To be sure, negotiations between programmers and cable systems over issues like retransmission are always bitter affairs involving posturing and brinksmanship.
But given the transition to digital TV mandated by the Federal Communications Commission in February 2009, the stakes are higher. Analysts widely expect many customers who currently receive on-air broadcasts to switch to cable, satellite or phone operators offering pay television rather than go through the complicated process of procuring the equipment required to receive digital broadcasts. Cable executives have said they are creating special discount packages aimed at these potential customers.
The stakes are particularly high for Time Warner Cable, as the company is preparing for other major negotiations with broadcasters including Univision Communications Inc. this year. "Time Warner Cable has the most to lose because if they give in here, they may end up having to give in down the road also," said Mr. Eagan.
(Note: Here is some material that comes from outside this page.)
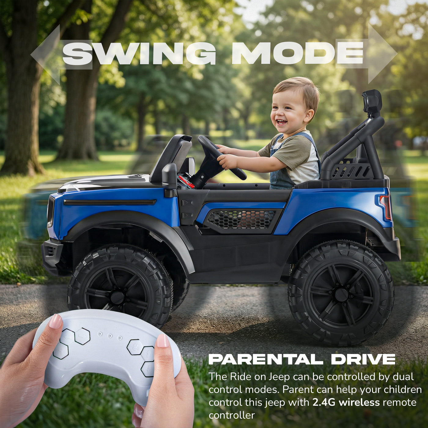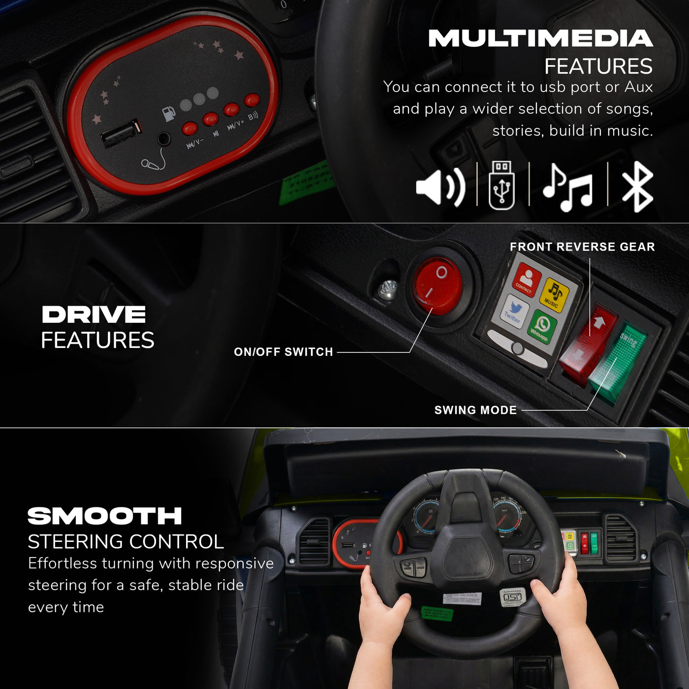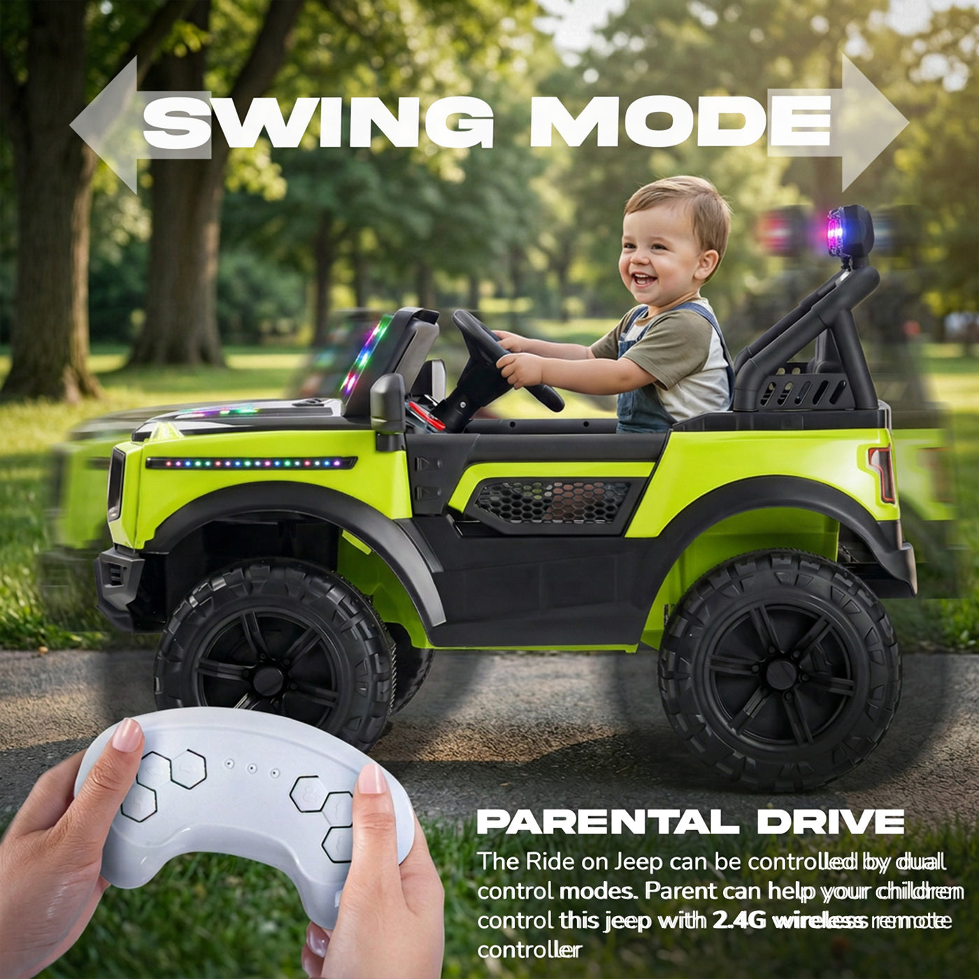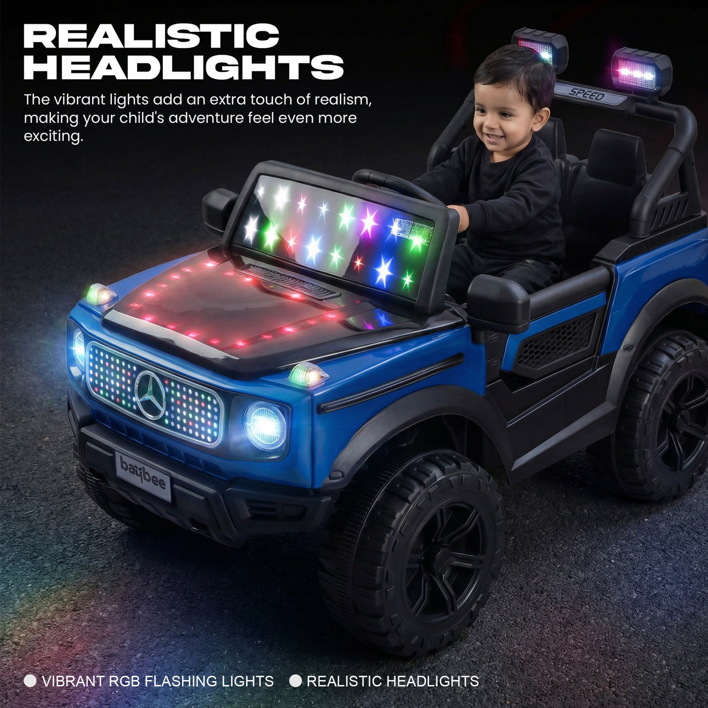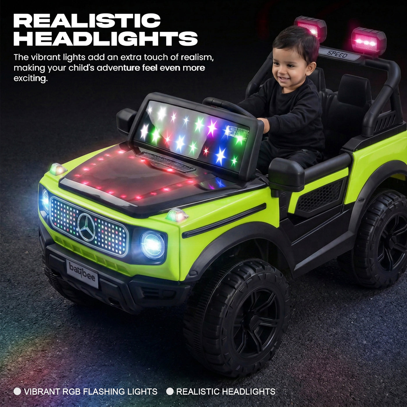 The Baybee Benzie electric jeep for kids offers an exciting and immersive driving experience with dual control modes, allowing both parents and kids to enjoy the fun. Parents can control the jeep using the 2.4G wireless remote, while kids have the opportunity to take the wheel themselves, promoting the development of essential hand-eye-foot coordination. This interactive driving feature ensures a safe and thrilling ride for children. Equipped with Swing Mode, a horn, RGB Windshield, LED headlights, Bluetooth, USB, and Aux connectivity, the Baybee Benzie provides endless entertainment for kids during each ride. The built-in music and stories enhance the immersive driving experience, making it both enjoyable and fun. Safety is a priority with the inclusion of a 4x4 motor, which delivers extra power for off-road adventures while ensuring smooth and controlled driving. The bright LED headlights provide improved visibility, and the smooth steering wheel ensures easy handling during turns. Designed with durable wear-resistant seats and rugged wheels, the electric car is built to withstand various terrains, offering a smooth ride and making it perfect for outdoor adventures. Kids can enjoy endless hours of fun as they drive through their neighborhood or explore different terrains. Powered by a 12V 4.5AH battery, the Baybee Benzie electric jeep offers up to 40 minutes of continuous play, ensuring long-lasting enjoyment for children. Whether it's a fun ride around the neighborhood or an off-road exploration, this baby electric car guarantees extended playtime. Additionally, the Baybee Benzie comes with an easy assembly process, allowing parents to quickly set it up and let their child enjoy their new electric jeep in no time. The included manual provides simple instructions for a hassle-free setup, ensuring that the fun begins immediately. With all these fantastic features, the Baybee Benzie is the perfect choice for kids who love adventure, combining safety, durability, and entertainment in one exciting package.

LIN TV Chief Executive Vincent Sandusky said the company needed to secure higher retransmission fees when the dispute first surfaced a month ago. "If we weren't able to be successful in getting subscription fees, I think our local broadcast business would really be jeopardized," Mr. Sandusky said at the time.
Time Warner Cable spokesman Alex Dudley said broadcasters like LIN TV will have to look elsewhere. "They are not gong to prop up their failing business model on our customers' backs," Mr. Dudley said.